§ RECORDED INFORMATION

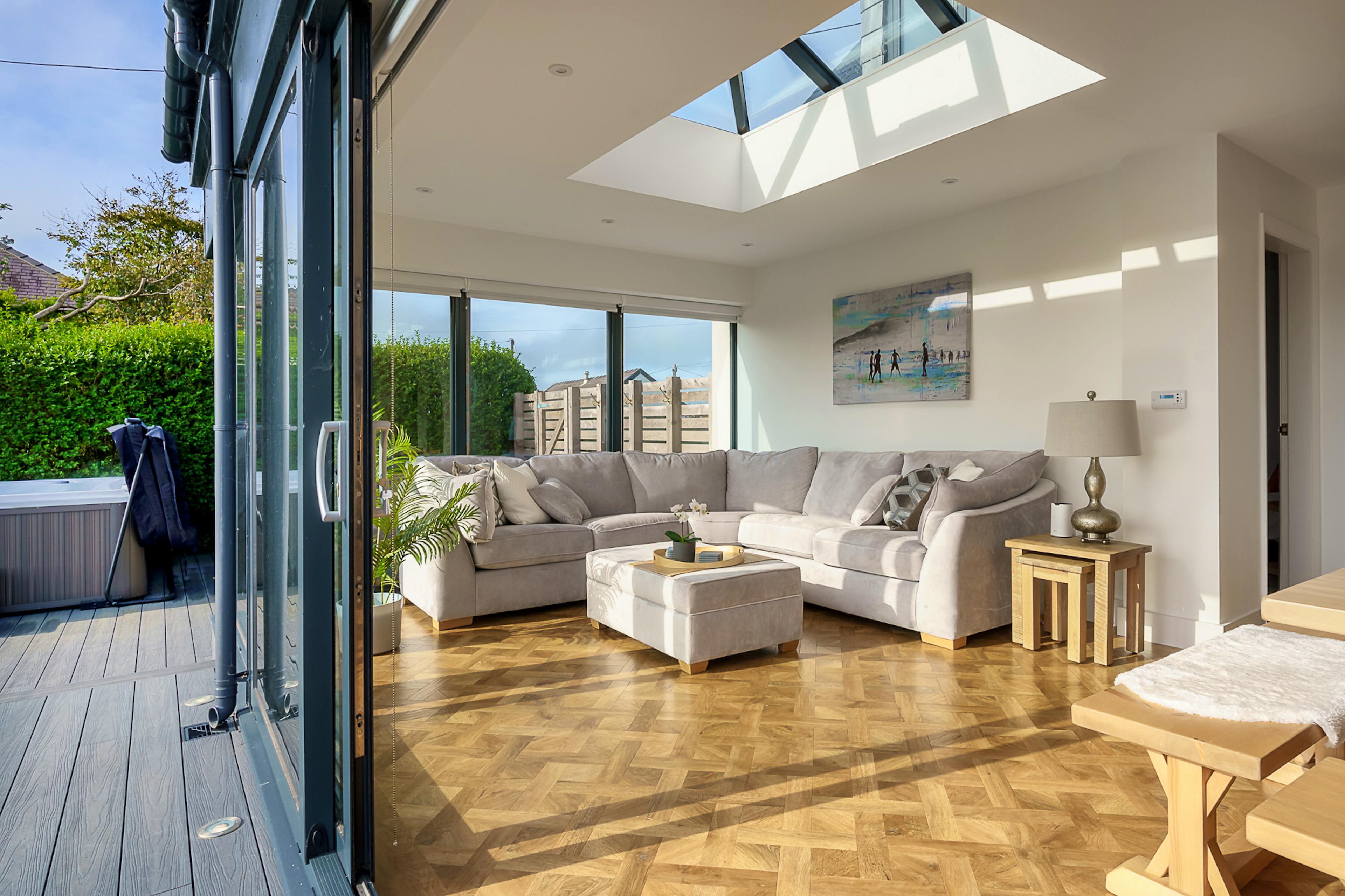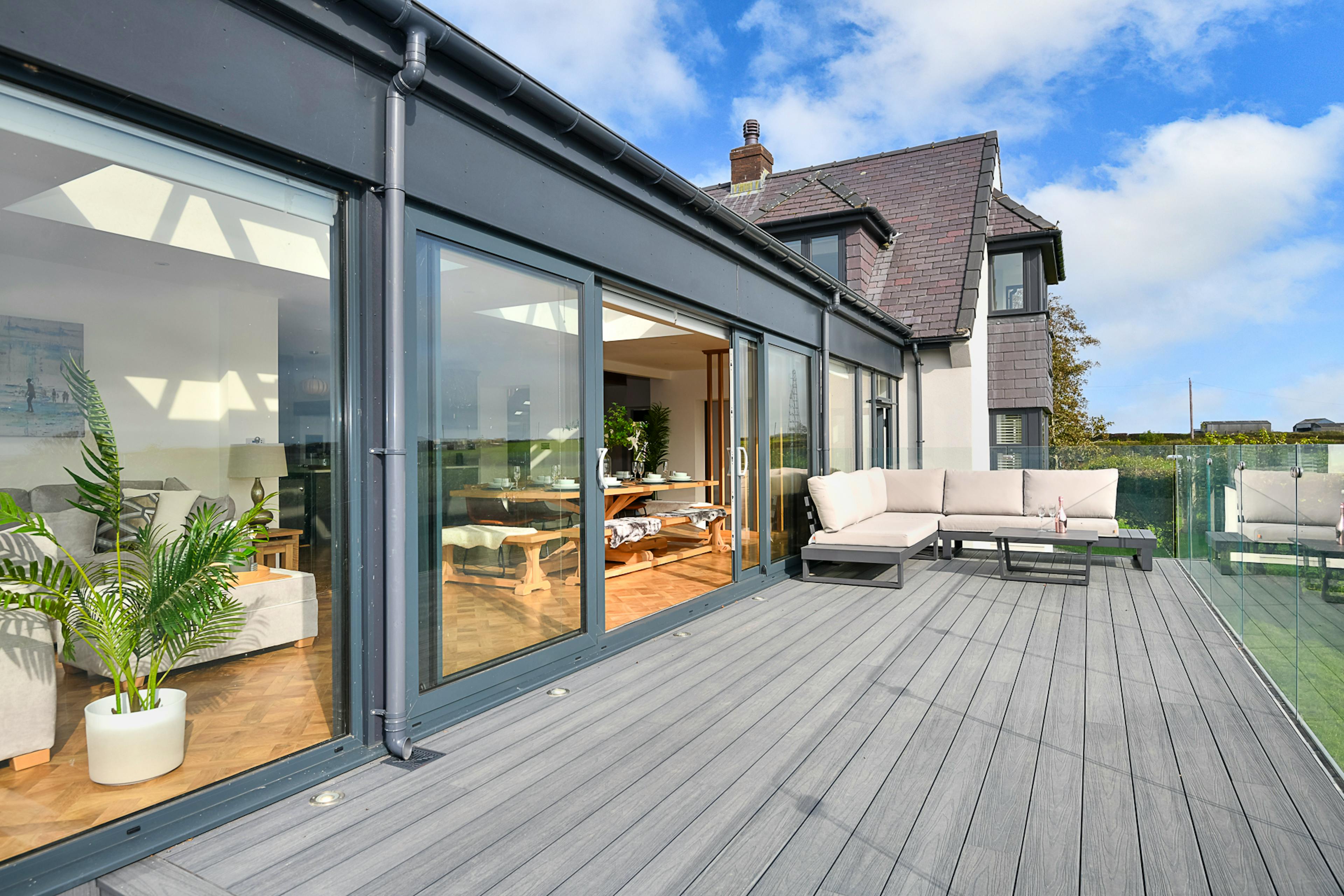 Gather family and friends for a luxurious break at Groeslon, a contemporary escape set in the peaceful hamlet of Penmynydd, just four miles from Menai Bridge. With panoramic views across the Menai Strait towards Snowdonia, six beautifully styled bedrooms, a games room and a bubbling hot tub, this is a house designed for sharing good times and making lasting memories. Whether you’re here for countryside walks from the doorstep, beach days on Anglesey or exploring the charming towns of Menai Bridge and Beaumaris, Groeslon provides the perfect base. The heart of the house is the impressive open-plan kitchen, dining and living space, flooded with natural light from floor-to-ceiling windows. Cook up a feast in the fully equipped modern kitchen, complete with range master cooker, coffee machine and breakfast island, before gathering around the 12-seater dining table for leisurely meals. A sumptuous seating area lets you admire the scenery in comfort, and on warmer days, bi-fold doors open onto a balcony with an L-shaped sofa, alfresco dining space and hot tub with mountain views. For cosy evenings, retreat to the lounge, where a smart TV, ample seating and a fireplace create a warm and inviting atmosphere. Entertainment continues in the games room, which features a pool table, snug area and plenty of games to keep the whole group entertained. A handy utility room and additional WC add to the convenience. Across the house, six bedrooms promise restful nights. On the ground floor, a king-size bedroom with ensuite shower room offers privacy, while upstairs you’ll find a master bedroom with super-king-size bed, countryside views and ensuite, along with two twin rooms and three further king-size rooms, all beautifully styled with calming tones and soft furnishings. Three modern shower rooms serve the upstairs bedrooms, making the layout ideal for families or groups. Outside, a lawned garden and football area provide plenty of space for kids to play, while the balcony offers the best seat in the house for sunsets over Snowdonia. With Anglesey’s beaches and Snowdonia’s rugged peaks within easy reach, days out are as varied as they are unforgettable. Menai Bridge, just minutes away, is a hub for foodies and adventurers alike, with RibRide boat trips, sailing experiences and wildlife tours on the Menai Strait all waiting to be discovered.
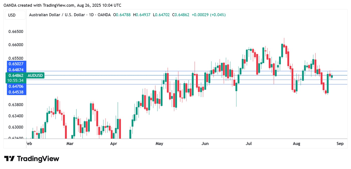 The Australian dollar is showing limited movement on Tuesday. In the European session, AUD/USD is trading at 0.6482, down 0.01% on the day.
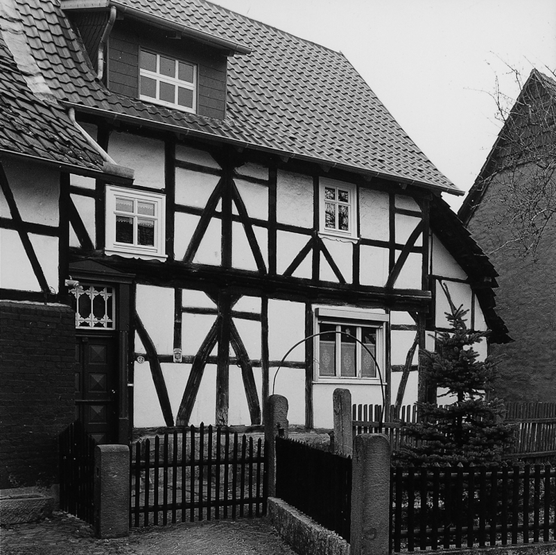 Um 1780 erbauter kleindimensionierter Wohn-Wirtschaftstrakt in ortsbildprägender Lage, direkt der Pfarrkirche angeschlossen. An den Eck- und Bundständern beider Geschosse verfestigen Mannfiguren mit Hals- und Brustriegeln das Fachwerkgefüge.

§ WORK INSTRUCTION
Give again the lines from the line that contains "The Australian dollar" through the last line of the material above, exactly and with both ends included. Omit the pictures.

§ OUTPUT FOR THIS EXERCISE
 The Australian dollar is showing limited movement on Tuesday. In the European session, AUD/USD is trading at 0.6482, down 0.01% on the day.
 Um 1780 erbauter kleindimensionierter Wohn-Wirtschaftstrakt in ortsbildprägender Lage, direkt der Pfarrkirche angeschlossen. An den Eck- und Bundständern beider Geschosse verfestigen Mannfiguren mit Hals- und Brustriegeln das Fachwerkgefüge.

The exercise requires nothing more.